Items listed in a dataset
'''

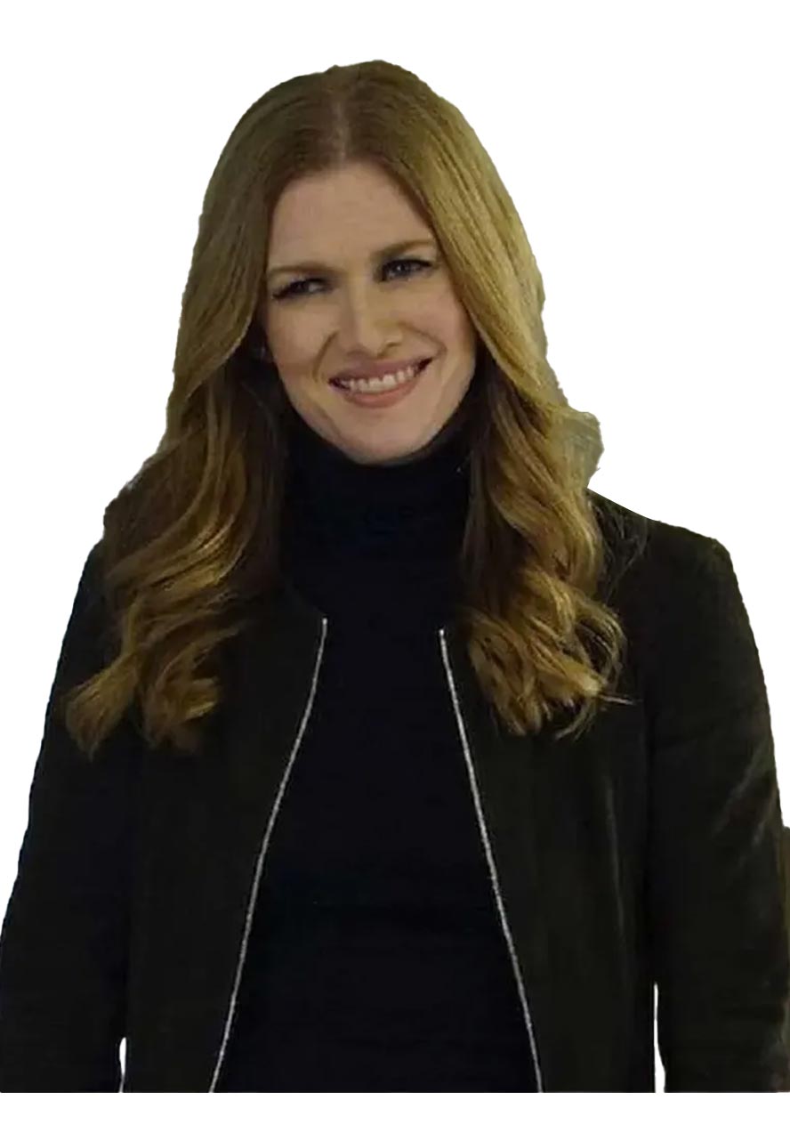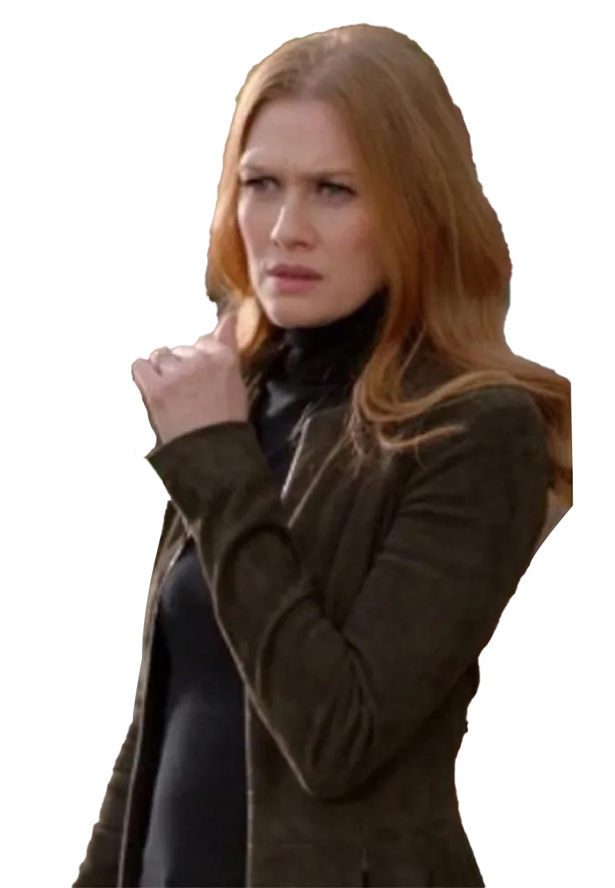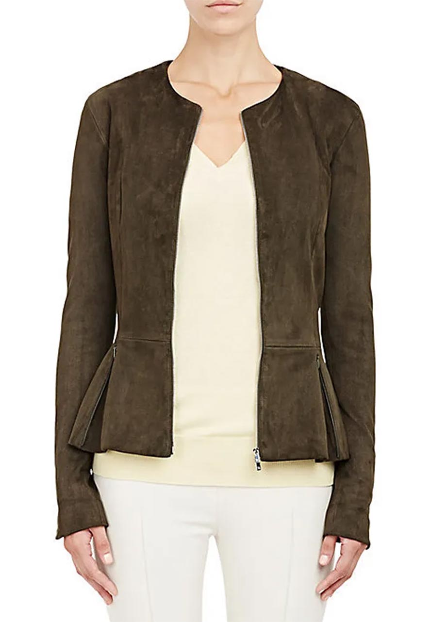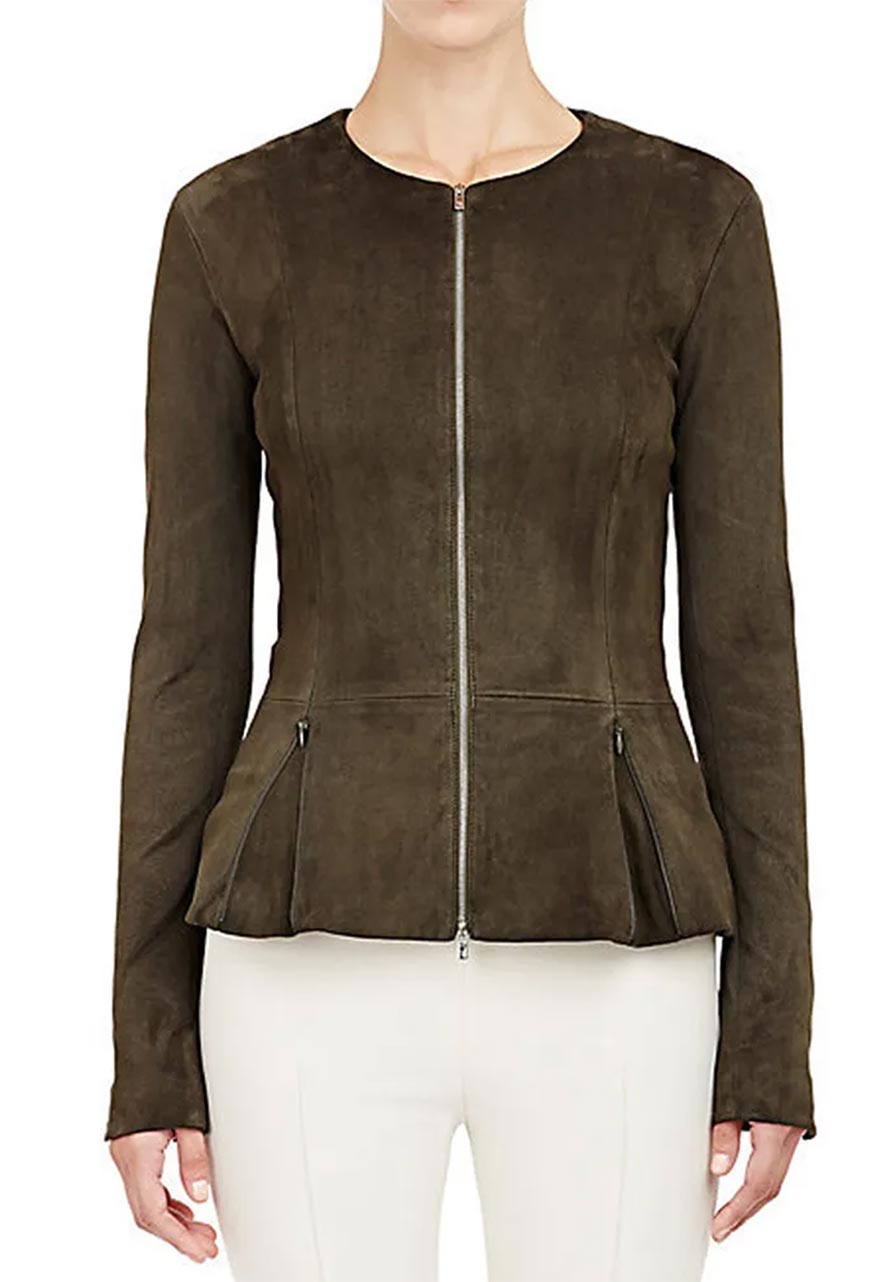 The Catch Mireille Enos Peplum Suede Leather Jacket
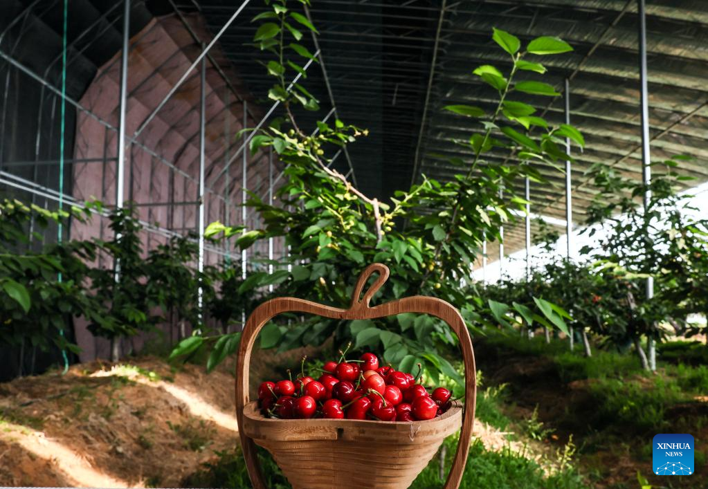 This photo taken on May 22, 2024 shows cherries at a farm in Nanhu Town of Rizhao City, east China's Shandong Province. Relying on its natural scenery and convenient transportation, Nanhu Town of Rizhao City has been vigorously developing ecological tourism featuring fruits-picking tours and agritainment in recent years. Agricultural farms for leisure see increasing popularity among tourists and locals. (Photo by Lan Hongguang/Xinhua)
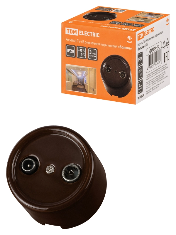 Розетка TV+R оконечная коричневая «Болонь» TDM
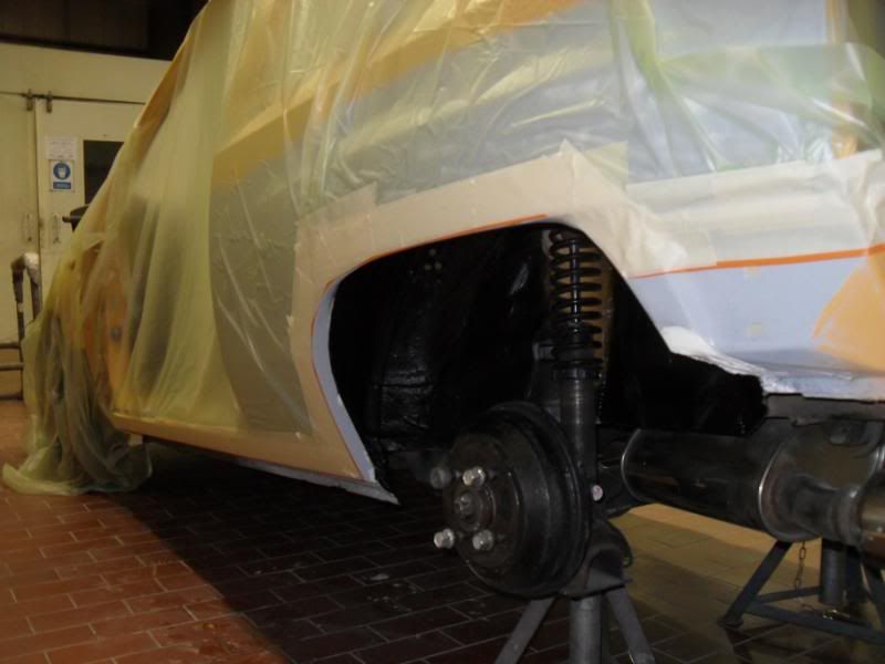 The primer will be left for a few days to allow for any movement as they were fair size repairs etc. It didnt stop me cracking on though! Rear wheel arches were gravitex'd over the seam sealer behind the arch for max protection etc........
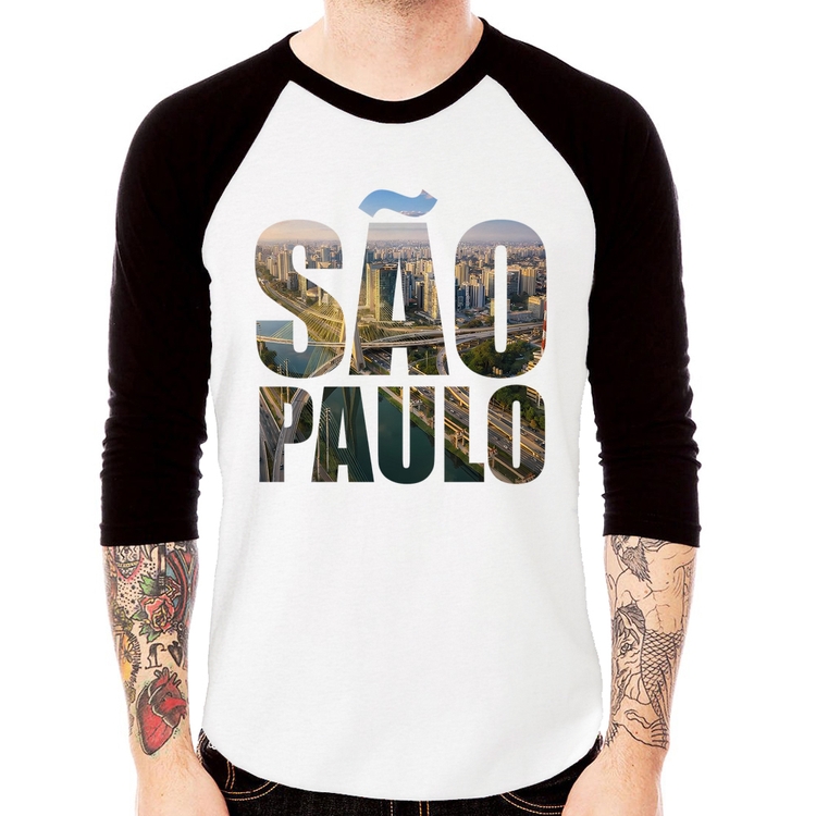 A Camiseta Raglan São Paulo Cidade Letras Manga 3/4 é confeccionada em tecido 100% Poliéster com gola redonda na cor preta, costura simples e modelagem com caimento reto. A estampa do tema "Lugares" é feita através do processo Sublimação. Produto ideal para quem busca fidelidade da estampa e ótimo custo-benefício, a estampa não desbota nem quebra.
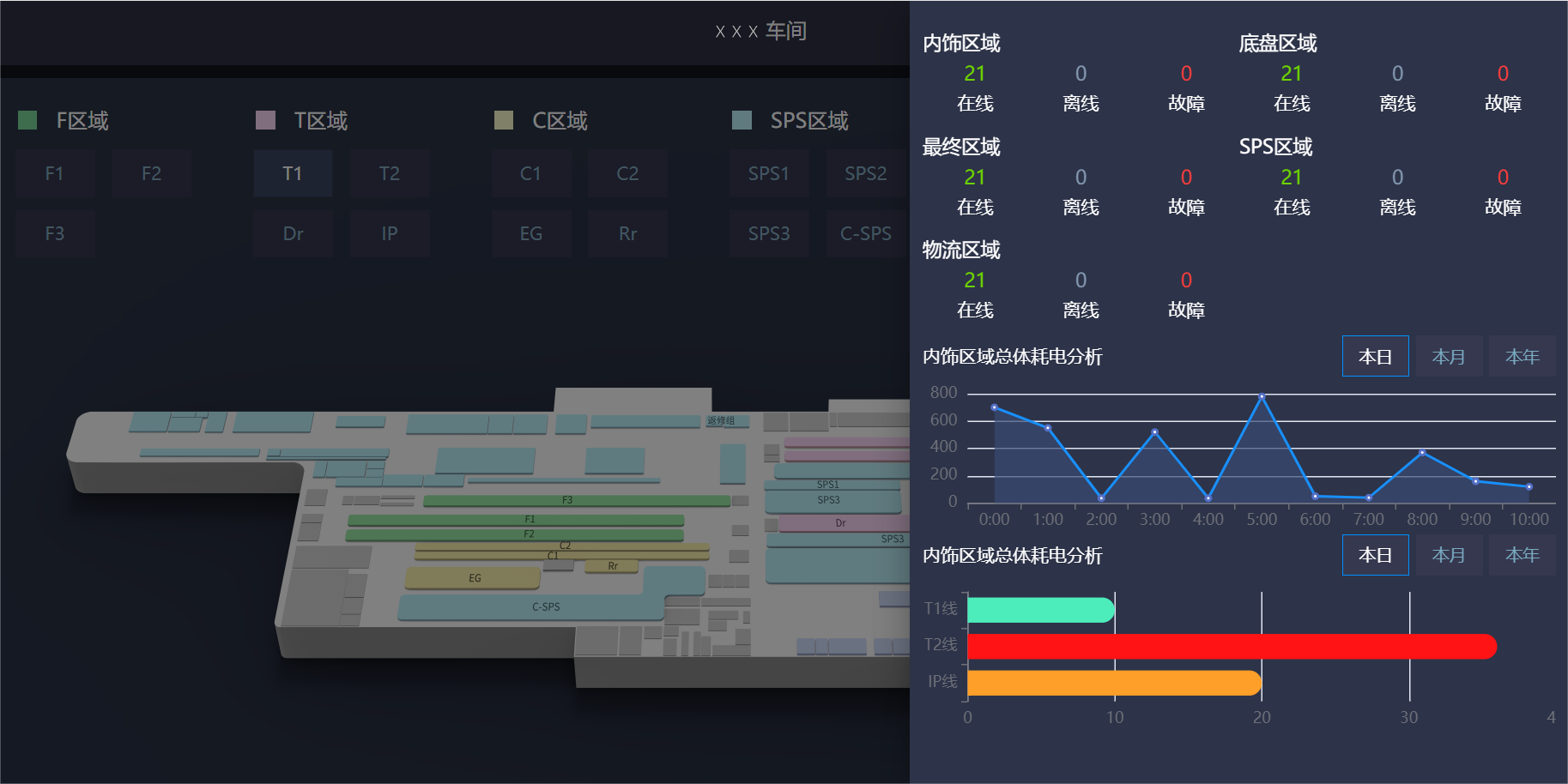 智能照明控制系统 对工厂办公楼、厂房、生产区域进行照明设备的场景化监控,并能监测各区域、各灯具的工作状态;满足车间、区域、产线、工艺段的生产区域精细化照明应用管理,实现集中管理、定时控制、应急手动控制、场景控制等功能,达到按需照明、节能管理的目标。 |

'''

Directions for this task:
Repeat the records word for word, skipping pictures.

Written response:
 The Catch Mireille Enos Peplum Suede Leather Jacket
 This photo taken on May 22, 2024 shows cherries at a farm in Nanhu Town of Rizhao City, east China's Shandong Province. Relying on its natural scenery and convenient transportation, Nanhu Town of Rizhao City has been vigorously developing ecological tourism featuring fruits-picking tours and agritainment in recent years. Agricultural farms for leisure see increasing popularity among tourists and locals. (Photo by Lan Hongguang/Xinhua)
 Розетка TV+R оконечная коричневая «Болонь» TDM
 The primer will be left for a few days to allow for any movement as they were fair size repairs etc. It didnt stop me cracking on though! Rear wheel arches were gravitex'd over the seam sealer behind the arch for max protection etc........
 A Camiseta Raglan São Paulo Cidade Letras Manga 3/4 é confeccionada em tecido 100% Poliéster com gola redonda na cor preta, costura simples e modelagem com caimento reto. A estampa do tema "Lugares" é feita através do processo Sublimação. Produto ideal para quem busca fidelidade da estampa e ótimo custo-benefício, a estampa não desbota nem quebra.
 智能照明控制系统 对工厂办公楼、厂房、生产区域进行照明设备的场景化监控,并能监测各区域、各灯具的工作状态;满足车间、区域、产线、工艺段的生产区域精细化照明应用管理,实现集中管理、定时控制、应急手动控制、场景控制等功能,达到按需照明、节能管理的目标。 |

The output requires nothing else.